It is possible to include a polygenic \(g\) term in the models to control for background genetic information. The models fitted then become:

\[y = X\beta + g + \varepsilon, \quad g \sim { }N\left( {0,K \sigma_{g}^{2} } \right), \varepsilon \sim { }N\left( {0, \oplus_{k = 1}^{F} I_{{n_{k} }} \sigma_{{\varepsilon_{k} }}^{2} } \right),\]

\[y = X\beta + M_{q} a_{q} + g + \varepsilon, a_{q} \sim { }N\left( {0,I_{P} \sigma_{q}^{2} } \right), g \sim { }N\left( {0,K \sigma_{g}^{2} } \right), \varepsilon \sim { }N\left( {0, \oplus_{k = 1}^{F} I_{{n_{k} }} \sigma_{{\varepsilon_{k} }}^{2} } \right),\]

where the VCOV structure of the polygenic term \(g\) is \(K \sigma_{g}^{2}\) with \(\sigma_{g}^{2}\) the variance of the polygenic effect, and \(K\) a kinship matrix. To avoid proximal contamination a chromosome specific kinship matrix is used, computed using the markers on the other chromosomes.

The symmetric kinship matrix \(K\) can have zero eigenvalues, which leads to problems solving the mixed model equations. For that reason we use a spectral decomposition of \(K\), \(K=U D U^{-1}\), and only use the eigenvectors \(U_+\), with corresponding positive eigenvalues in diagonal matrix \(D_+\). Using the transformation \(g=Zu\), with \(Z=U_+ D_+^{1/2}\) we obtain

\[y = X\beta + Zu + \varepsilon, \quad u \sim { }N\left( {0,I \sigma_{u}^{2} } \right), \varepsilon \sim { }N\left( {0, \oplus_{k = 1}^{F} I_{{n_{k} }} \sigma_{{\varepsilon_{k} }}^{2} } \right),\]

\[y = X\beta + M_{q} a_{q} + Zu + \varepsilon, a_{q} \sim { }N\left( {0,I_{P} \sigma_{q}^{2} } \right), g \sim { }N\left( {0,I \sigma_{u}^{2} } \right), \varepsilon \sim { }N\left( {0, \oplus_{k = 1}^{F} I_{{n_{k} }} \sigma_{{\varepsilon_{k} }}^{2} } \right),\]

Example simulated data

As a first example for performing IBD calculations and QTL mapping for a multi-parent population we use a relatively simple simulated data set.

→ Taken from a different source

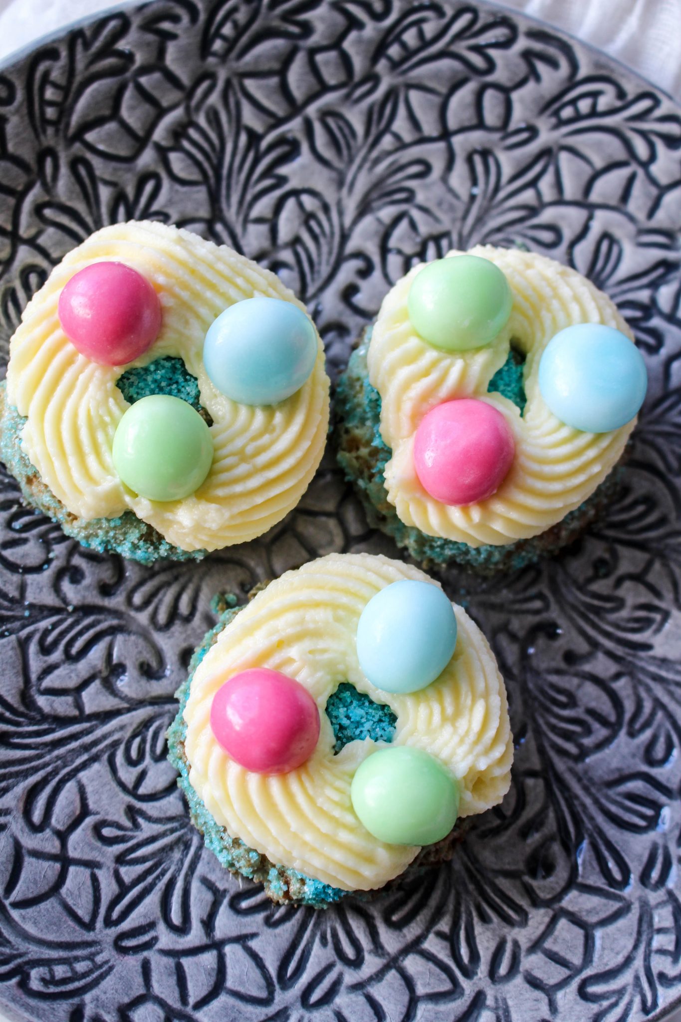 5) Spritsa frostingen på kakorna. Lägg på godisar på kakorna.

The example contains simulated data for two F4DH populations. The population type F4DH is cross between two parents, followed by 3 generations of selfings, followed by a DH generation, see statgenIBD for details.

For the first population the parents where A and B, for the second the parents where A and C. The first population consists of 100 individuals, the second of 80 individuals. This is a simple example of a NAM population, having parent A as central parent. The data is simulated with three QTLs, on chromosome 1, 2, and 3. All necessary data for this population is available in the package.

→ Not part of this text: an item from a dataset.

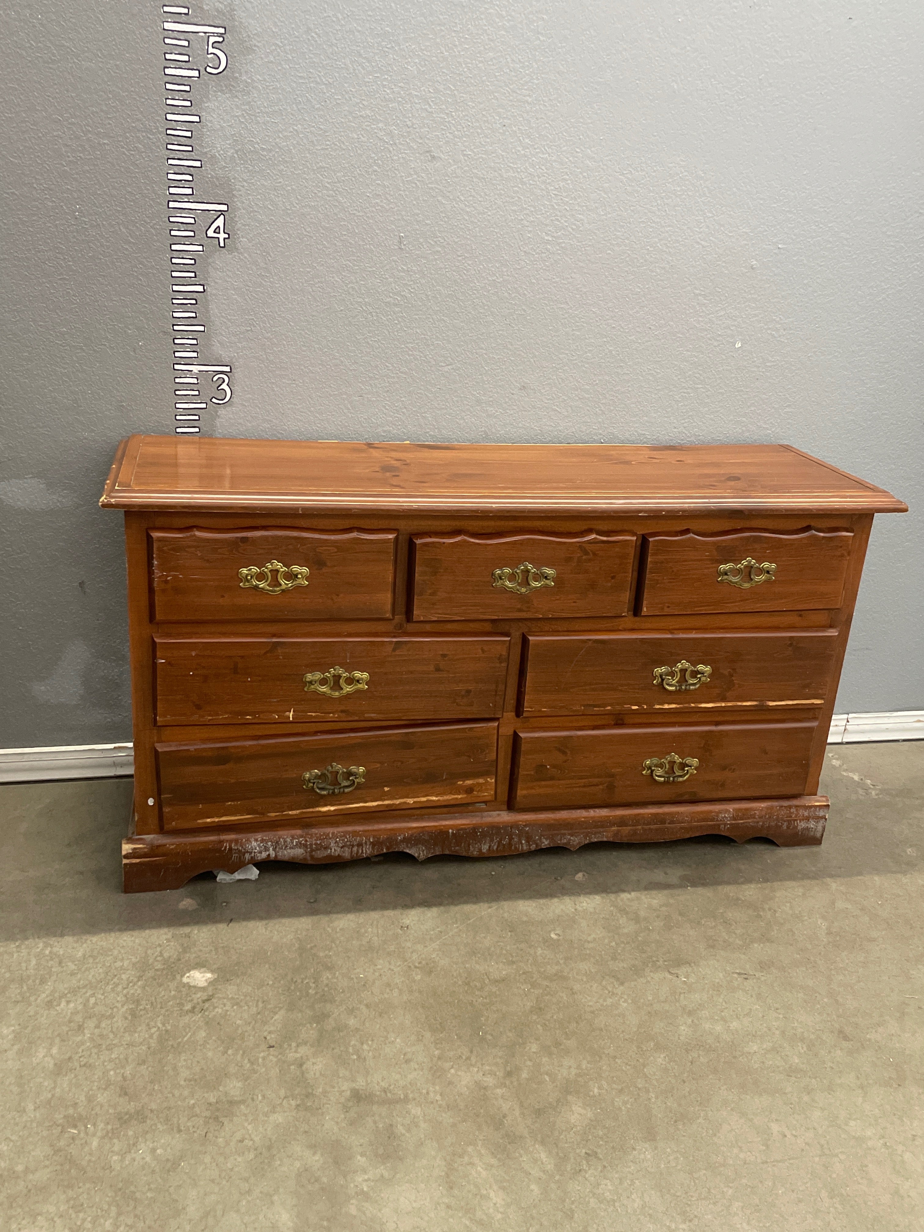 This classic dresser features a warm brown finish with a slightly distressed wood texture, complemented by ornate brass handles. Perfect for adding a touch of vintage charm to any bedroom. Approximate Size: 3 x 4.5 x 1.5

Before doing QTL detection we compute IBD probabilities on a grid of positions along the genome. This can be done using the calcIBDMPP function in the statgenMPP package. To perform IBD calculations a marker file is required for each of the populations. These files should be a tab-delimited file with first column ID identifying the genotype. The following columns should contain marker information. The first rows should contain the parents used in the cross. As an example, the file for the first cross, AxB, starts like this:

ID M1_1 M1_2 M1_3 M1_4
A 1 2 2 2
B 2 2 2 1
AxB0001 1 2 2 1
AxB0002 2 2 2 2

In this example markers M1_1 and M1_4 are segregating in the AxB cross, M1_2 and M1_3 not.
A map file is also required. This should also be a tab-delimited file with three columns, “marker name”, “chromosome” and “position”. The map file cannot contain a header and has to be identical for all crosses.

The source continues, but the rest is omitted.